Lesson 6 — Search and Extract: From Query to Structured Data

⏱ Est. reading time: 4 min Updated on 5/7/2026

Beyond scraping known URLs, Firecrawl can search the vast internet for information and transform it into precise JSON format.

6.1 Search: Unified Search and Scrape

The Search tool returns not just a list of search results but also automatically scrapes the Markdown content of those results.

Key Parameters:

  • query: Search keywords.
  • limit: Number of results to return.
  • scrapeOptions: Scraping parameters for the result pages (same as Scrape).

Search Operators:

  • Exact Match: "Firecrawl MCP"
  • Exclusion: -deprecated
  • Domain Limit: site:github.com
  • Title Keyword: intitle:tutorial

6.2 Extract: Multi-page Structured Extraction

The Extract tool utilizes LLMs to extract structured data from one or more URLs according to a schema you define.

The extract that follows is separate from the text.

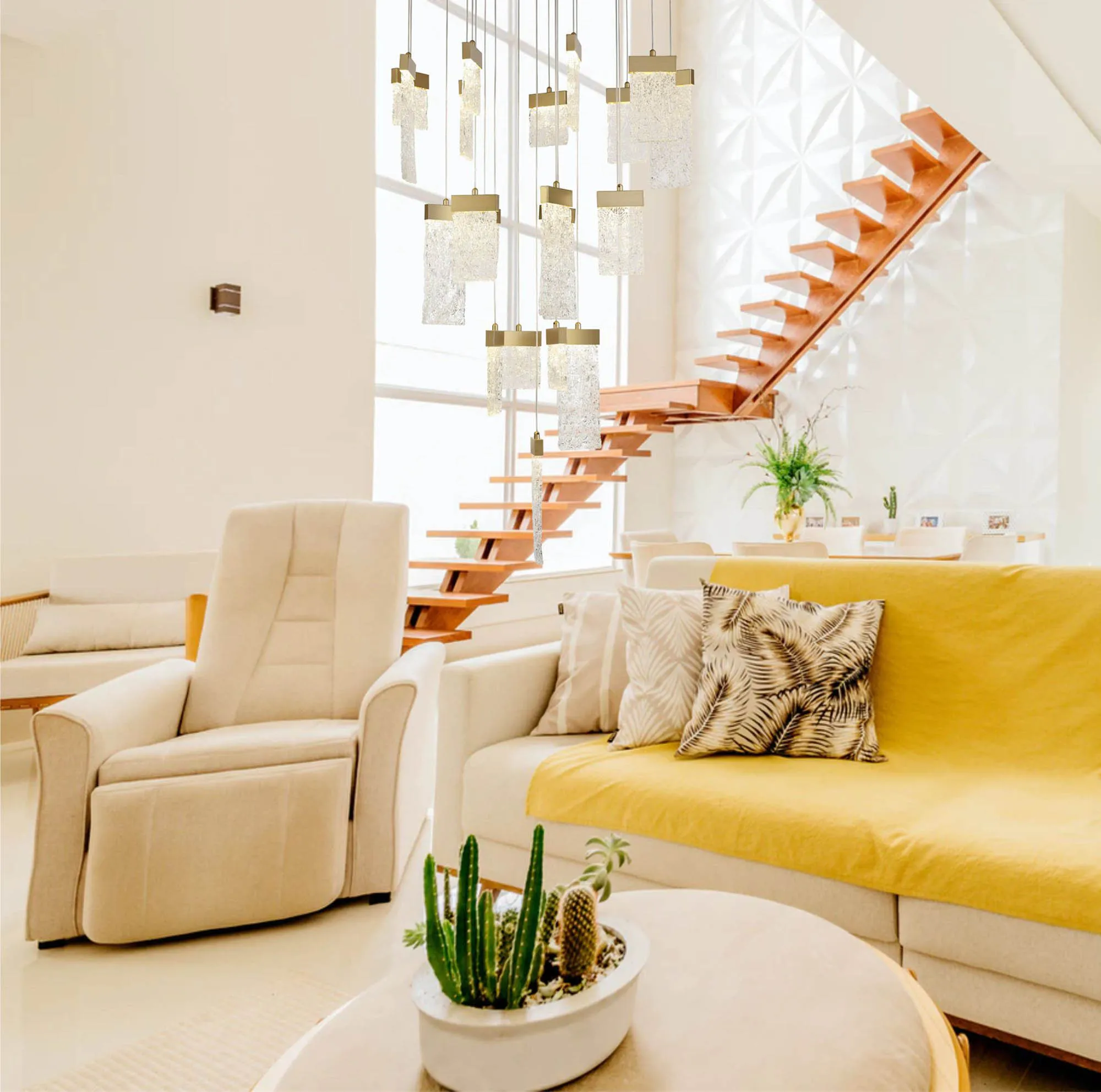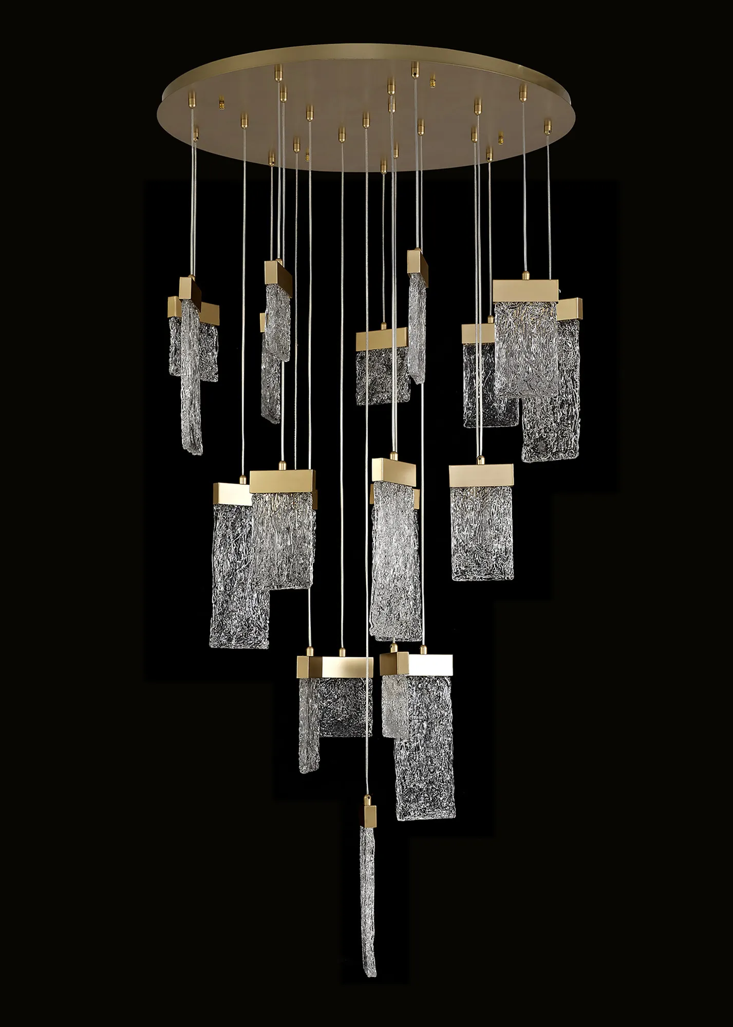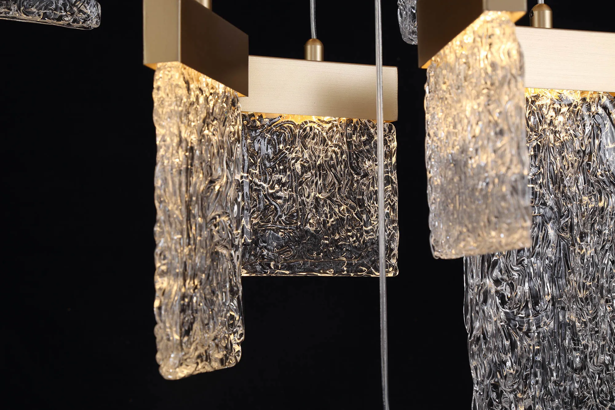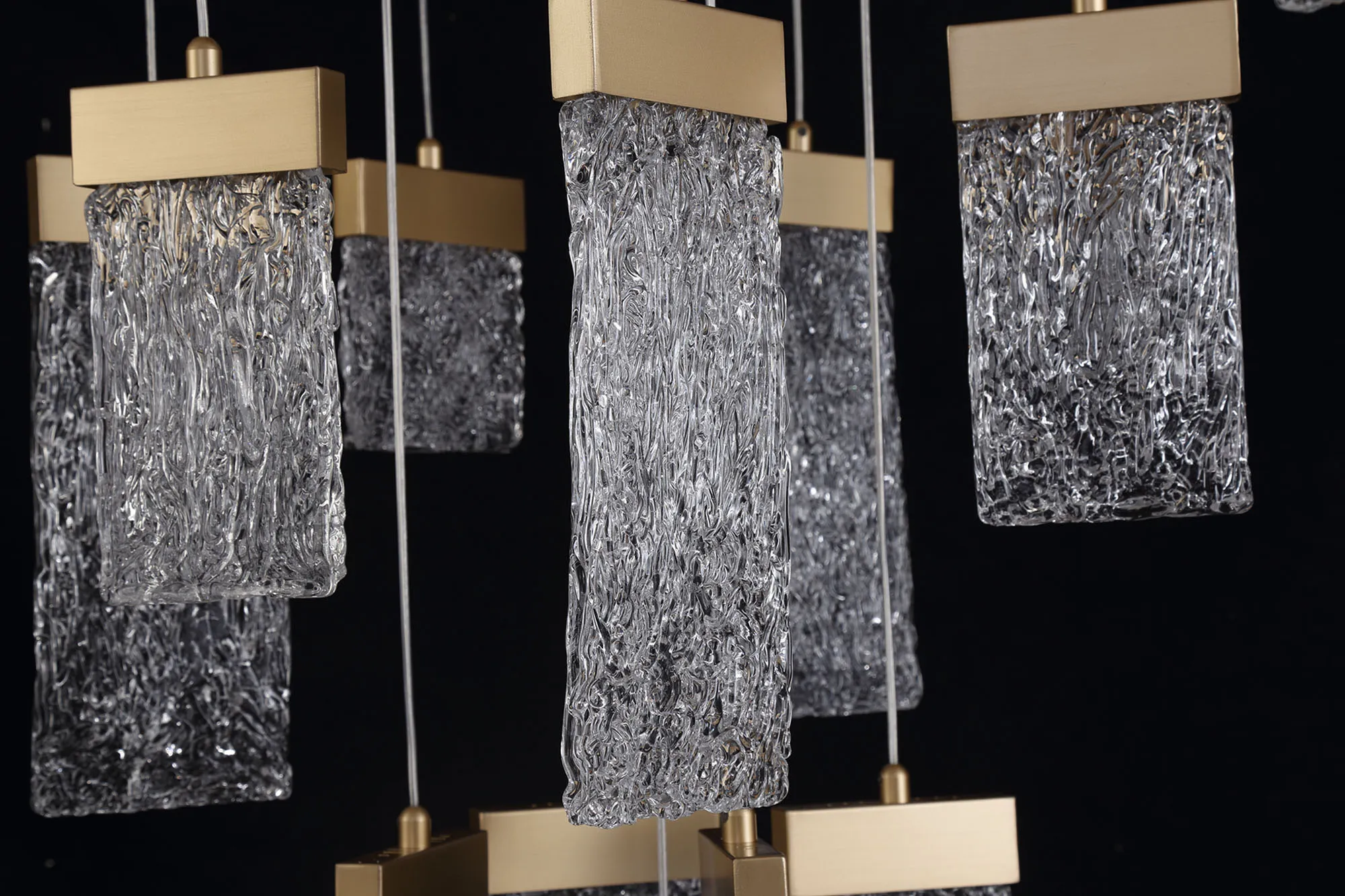 Our inventive designers have taken newly popular design concepts and combined them to make a stunning new range, Calci. The multiple pendant light, single pendants and wall lamp are available in a painted brush gold finish which offsets perfectly against the 3000K integral LEDs. Each staggered drop hosts a glass piece moulded to reflect crystallised ice which sits beneath the gold bands in which house the LEDs. These items are visually dazzling when illuminated yet still intriguing when the lights are not in use.

Example Scenario: Extract pricing info from three competitor pages.

{
  "urls": ["url1", "url2", "url3"],
  "prompt": "Extract product name, monthly price, and key features",
  "schema": {
    "type": "object",
    "properties": {
      "name": { "type": "string" },
      "price": { "type": "string" },
      "features": { "type": "array", "items": { "type": "string" } }
    }
  }
}

6.3 Extract vs Scrape (JSON Format)

You might notice that Scrape also supports jsonOptions. What's the difference?

Dimension Extract Scrape (JSON Format)
Input List of URLs Single URL
Primary Goal Batch data collection, comparison Precise structure for a single page
Schema Definition Top-level parameter Nested within jsonOptions

6.4 Practical Tips

  • Precise Filtering: When using Search, combine it with includeDomains or excludeDomains to drastically increase efficiency. For example, search only within official documentation and GitHub.
  • Avoid Token Overflow: When Extracting from multiple pages, keep the Schema concise and only extract the most critical fields.
  • Prompt Optimization: In Extract, a clearly described Prompt is often more effective than a complex Schema in improving AI extraction success rates.